I need to compute some automatically generated expressions, which may contain square roots, with the class Zmod
.
For example, I want to evaluate the following expression modulo 9 (thus, using the class Zmod(9
)):
expr = "-1 / sqrt(7) + 5"
In the above case, I want to get the results 7 (for sqrt(7) = 4
) and 3 (for sqrt(7) = 5
).
Is this possible with Sage? How can I get these results? If I need to use another library, which one should I use and how?

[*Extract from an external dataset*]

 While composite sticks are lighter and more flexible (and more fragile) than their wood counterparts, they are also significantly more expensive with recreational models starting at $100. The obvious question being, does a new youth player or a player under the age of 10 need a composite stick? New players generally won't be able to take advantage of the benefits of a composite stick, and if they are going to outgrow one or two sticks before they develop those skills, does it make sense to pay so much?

I thank you in advance for your answers!
Elements of Zmod
have an .sqrt()
method, but you can also pass them to the sqrt
function. Example:
sage: R = Zmod(9)
sage: a = R(7)
sage: sqrt(a)
4
If you want to automatically parse a string expression like "-1 / sqrt(7) + 5"

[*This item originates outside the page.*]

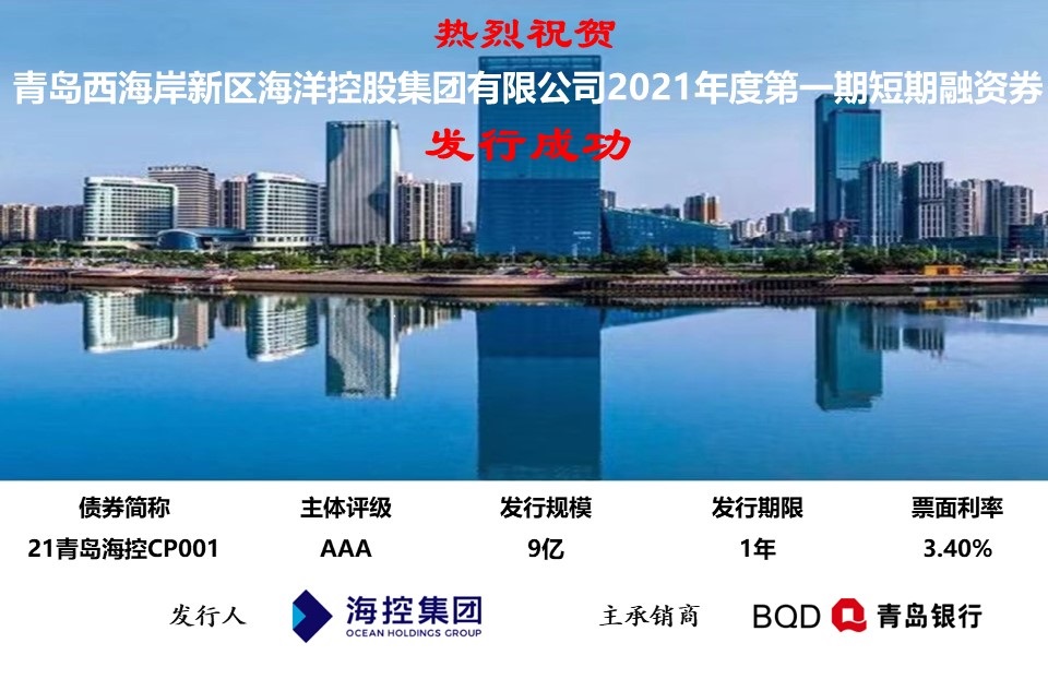 3月2日,海控集團(tuán)成功發(fā)行2021年第一期短期融資券,也是今年新區(qū)首支短期融資券,發(fā)行規(guī)模9億元,發(fā)行期限365日,發(fā)行利率3.40%,認(rèn)購倍數(shù)為2.15倍。

and convert all numeric constants to elements of Zmod(9)
, I'd suggest to use Sage's symbolic ring SR
as a parser, and then traverse the expression tree using the .operator()
and .operands()
methods in a recursive function. Like so:
sage: def zmod_eval(exp):
....: if exp.is_numeric():
....: return Zmod(9)(exp)
....: return exp.operator()(*(zmod_eval(op) for op in exp.operands()))
....:
sage: exp = SR("-1 / sqrt(7) + 5")
sage: zmod_eval(exp)
7
This would probably handle most expressions you may have. If you want both results depending on the sign choice for the square root, then modify zmod_eval
to return a list, and handle the sqrt operation specially. Unfortunately, Sage's symbolic ring handles sqrt as a generic power:
sage: exp = SR("-1 / sqrt(7) + 5")
sage: exp.op[0,0]
sqrt(7)
sage: exp.op[0,0].operator()
<built-in function pow>
so if your expression also contains integer powers you will have a difficult time distinguishing between them and the square root.
Ultimately, I'd think it's simpler to modify your expression generator to output Zmod(9)
wherever is needed, rather than trying to play around with Sage.